John Brawley, that's fascinating (and depressing). I don't know the legal ins and outs of the Australian economic system, but that sounds startlingly similar to the studio system in Hollywood 60 years ago and eventually, courts ruled that it was illegal for studios to own the theatres (The Hollywood Antitrust Case of 1948). I don't know how the situation in Australia compares, but I'd hope something like that is illegal.

Here's what I'd like to see happen in all "dominated" cinemas (aka, film industries that are dwarfed by the Hollywood behemoth).

1. Have legislation set aside a certain amount screens to show homegrown product.

Canadian Literature has something like this.
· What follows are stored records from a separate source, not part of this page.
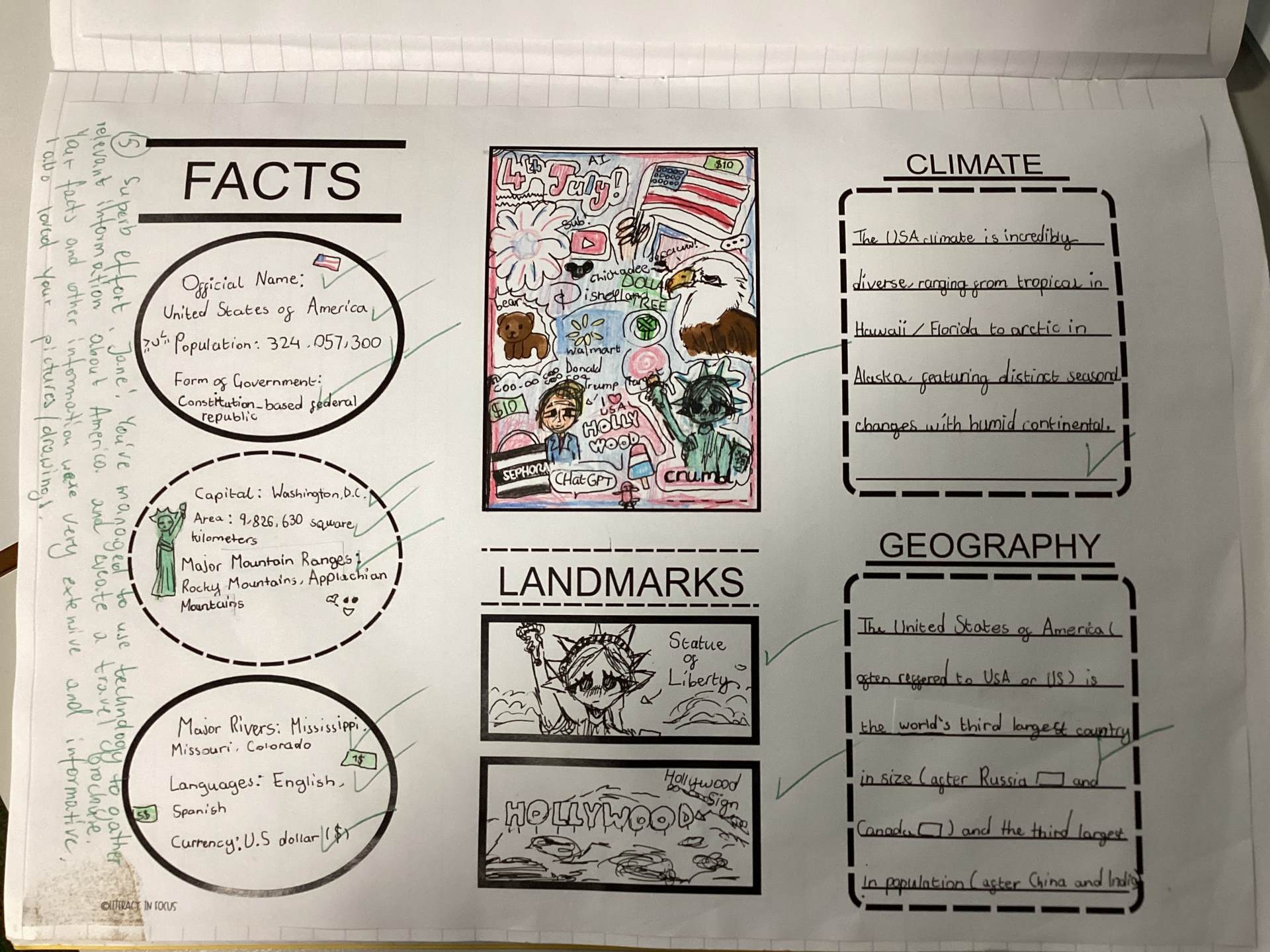 To put our new skills into practice, we designed a travel brochure. This project allowed us to highlight the positive aspects of a location we chose. We had three options: the USA, Canada, and the Maldives. Each student picked one location and conducted research using links to National Geographic for Kids that were provided in Teams. This research helped us gather interesting facts and details to include in our brochures.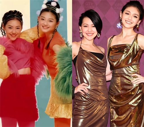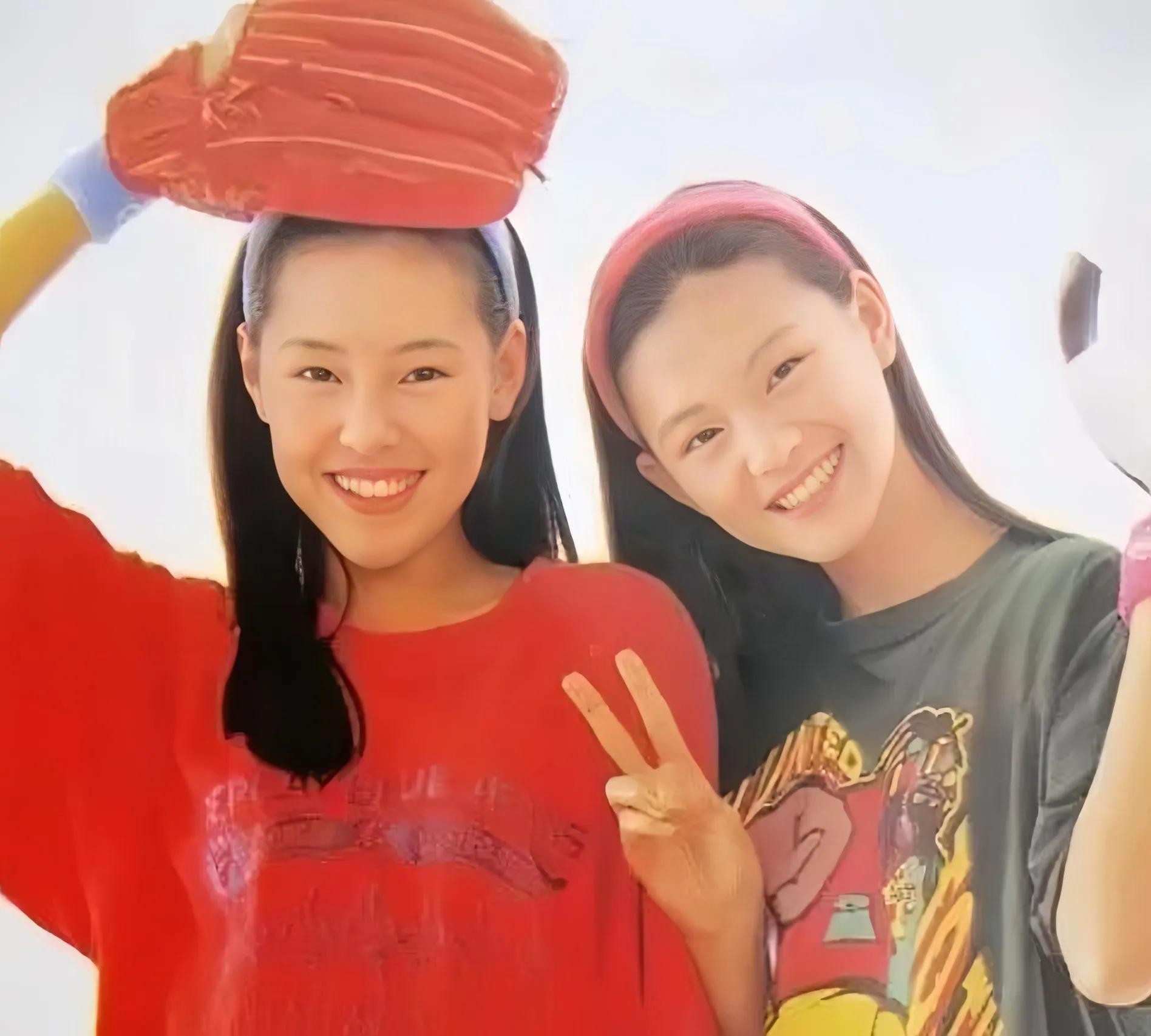 端详以上这组大小S的早期合影照片,二人在穿搭和发型上如出一辙,皆是青春洋溢的风格,并肩而立、古灵精怪、默契满溢,互动时亲密无间,举手投足间的亲昵劲儿,让人恍惚还以为她们两姐妹是双胞胎,其实大S比小S大了2岁。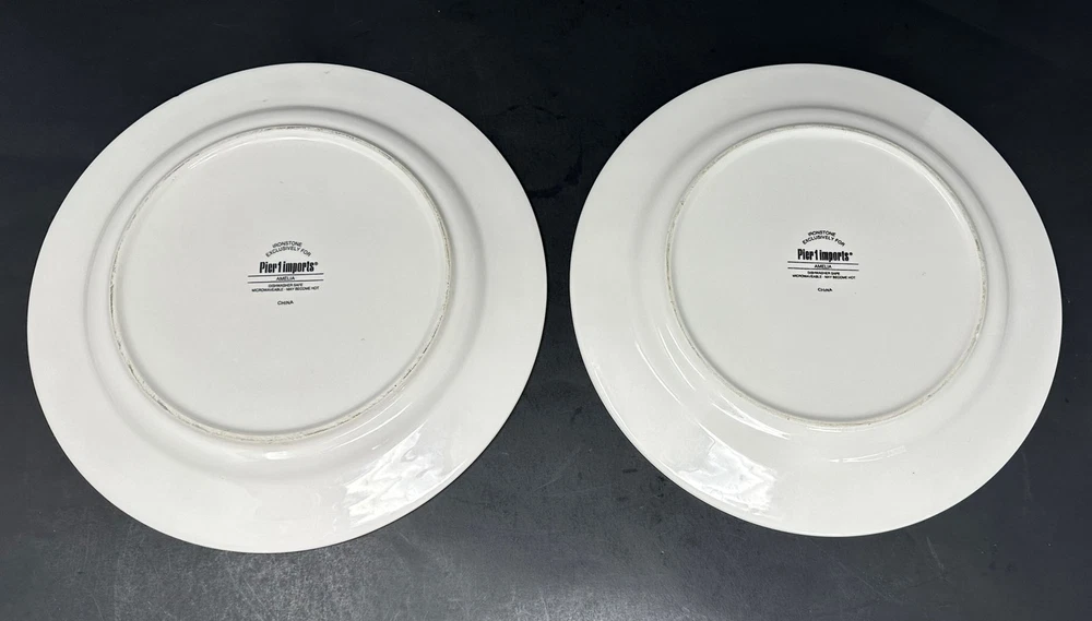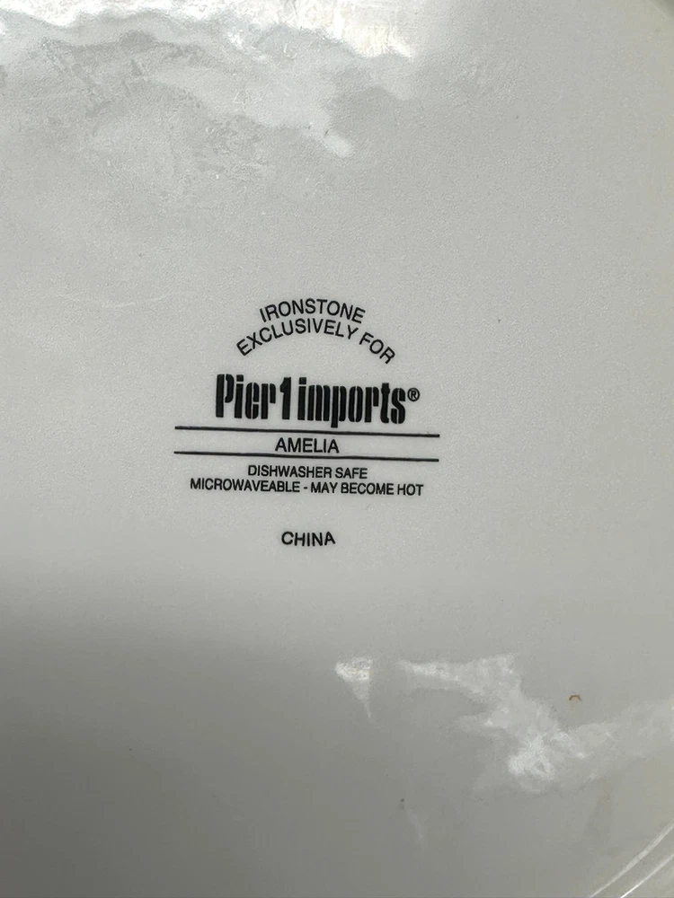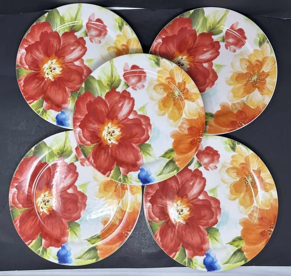 For your consideration is this lovely set of five (5) Pier 1 dinner plates in the Amelia pattern – a beautiful bright floral pattern in shades of red, blue, orange, yellow, and green. These exquisite plates were only in production from 2012 to 2017. They measure 10 3/4” across and 7/8” tall. Marking states “Ironstone Exclusively For Pier 1 Imports ® | Amelia | Dishwasher Safe | Microwaveable – May Become Hot | China.” Please note: These dinner plates are in very good, used condition, with no cracks or repairs, just some utensil wear. Two plates have two small chips each on the rim, and one nick to the glaze, and another has a chip on the underside rim (which is not noticeable unless you flip the plate over to look for it). Please see photos #4, #5, #6, #8, #10, #14, #15, #16, and #17. Glare from camera. Listing and template services provided by inkFrog

Bookstores need to stock a certain percentage of Canadian authors (new bookstores - used bookstores do not, but tend to anyway as a result of the market). So the result is we get more Canadian authors out on the market, they get more of a shot at having recognition etc. As a result, Canadian literature has been thriving this decade, and we have a thriving book culture that's quite different from the USA's literary scene (or Britain's, which were sorta ape).

I don't see why this can't happen in films. Obviously, nations like China and North Korea have pretty much total bans on Hollywood product. But I'd like to see countries boosting their own product.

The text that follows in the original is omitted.